**What you have to do**
Pictures aside, copy every record word for word.

**Study material**
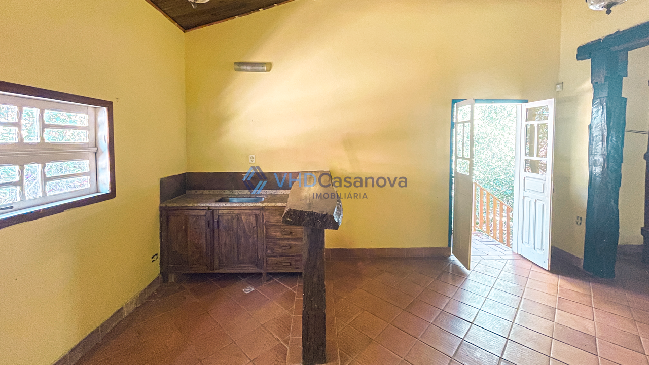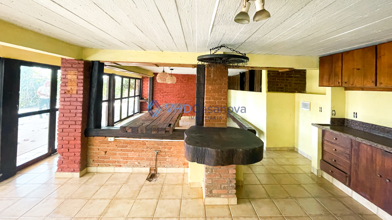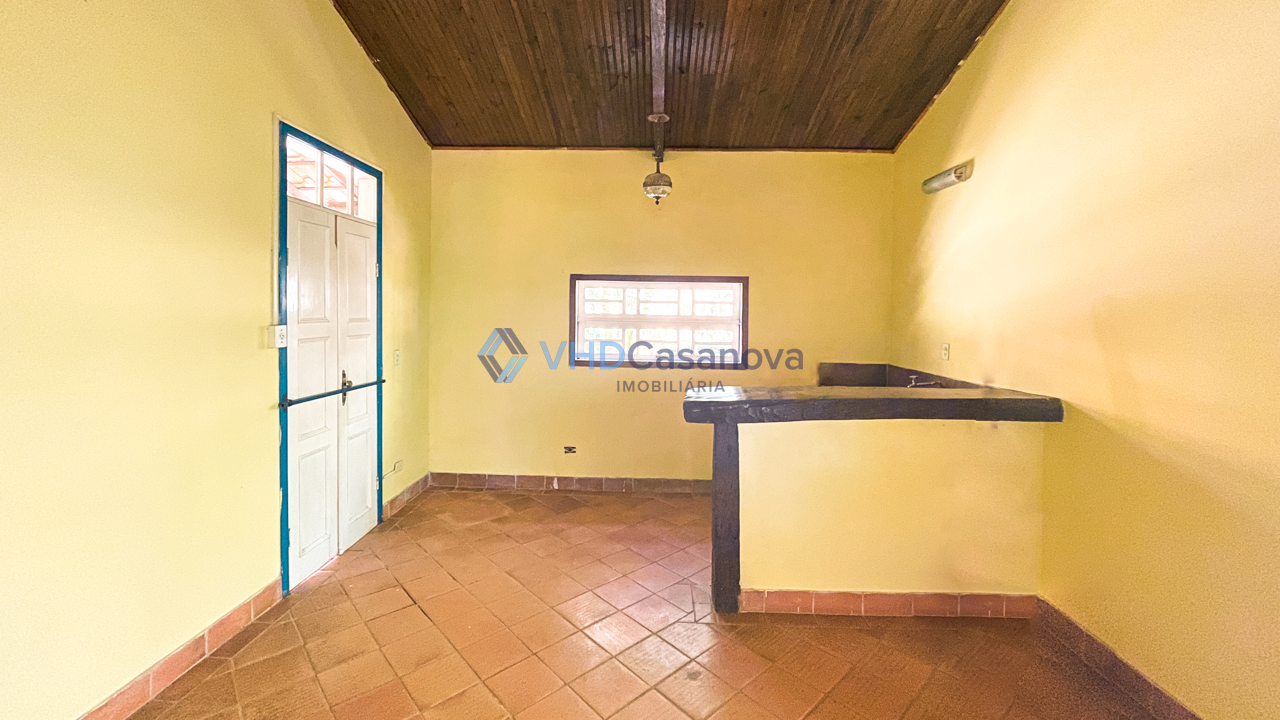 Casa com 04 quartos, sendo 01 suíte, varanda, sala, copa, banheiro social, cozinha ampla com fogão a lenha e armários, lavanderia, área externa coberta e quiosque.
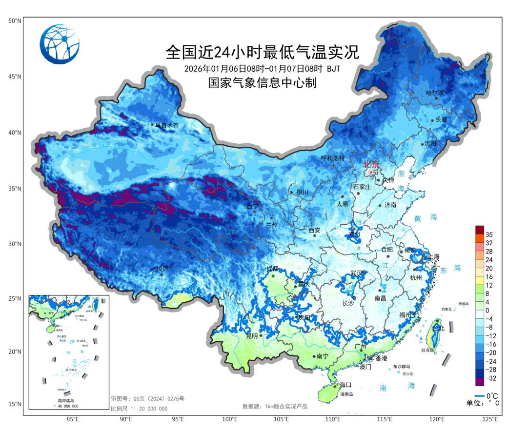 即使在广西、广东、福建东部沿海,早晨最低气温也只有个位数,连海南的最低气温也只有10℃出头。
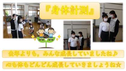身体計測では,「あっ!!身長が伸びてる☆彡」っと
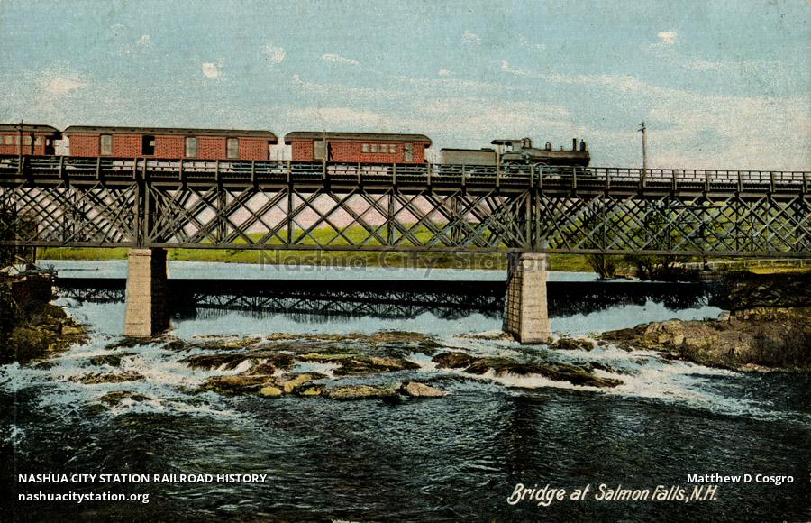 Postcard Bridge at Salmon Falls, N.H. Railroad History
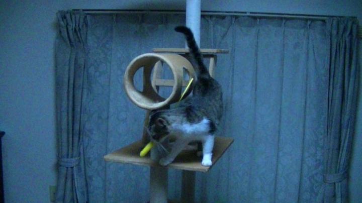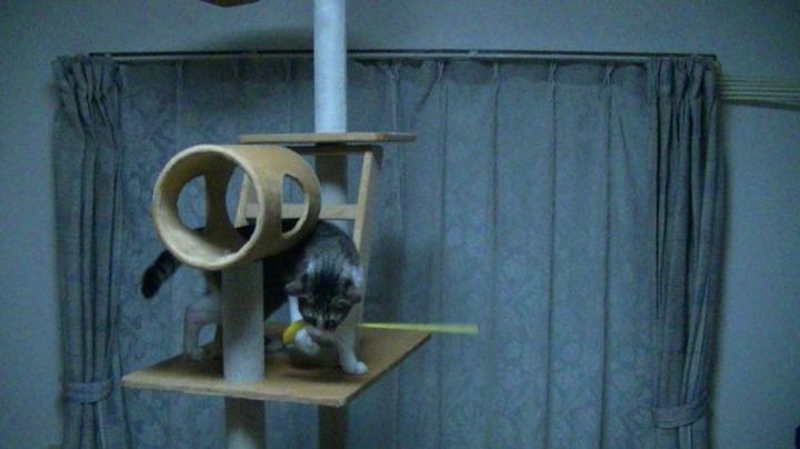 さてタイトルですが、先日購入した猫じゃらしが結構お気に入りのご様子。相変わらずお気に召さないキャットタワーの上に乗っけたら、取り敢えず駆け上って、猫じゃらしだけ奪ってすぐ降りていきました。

**Result of this task**
 Casa com 04 quartos, sendo 01 suíte, varanda, sala, copa, banheiro social, cozinha ampla com fogão a lenha e armários, lavanderia, área externa coberta e quiosque.
 即使在广西、广东、福建东部沿海,早晨最低气温也只有个位数,连海南的最低气温也只有10℃出头。
身体計測では,「あっ!!身長が伸びてる☆彡」っと
 Postcard Bridge at Salmon Falls, N.H. Railroad History
 さてタイトルですが、先日購入した猫じゃらしが結構お気に入りのご様子。相変わらずお気に召さないキャットタワーの上に乗っけたら、取り敢えず駆け上って、猫じゃらしだけ奪ってすぐ降りていきました。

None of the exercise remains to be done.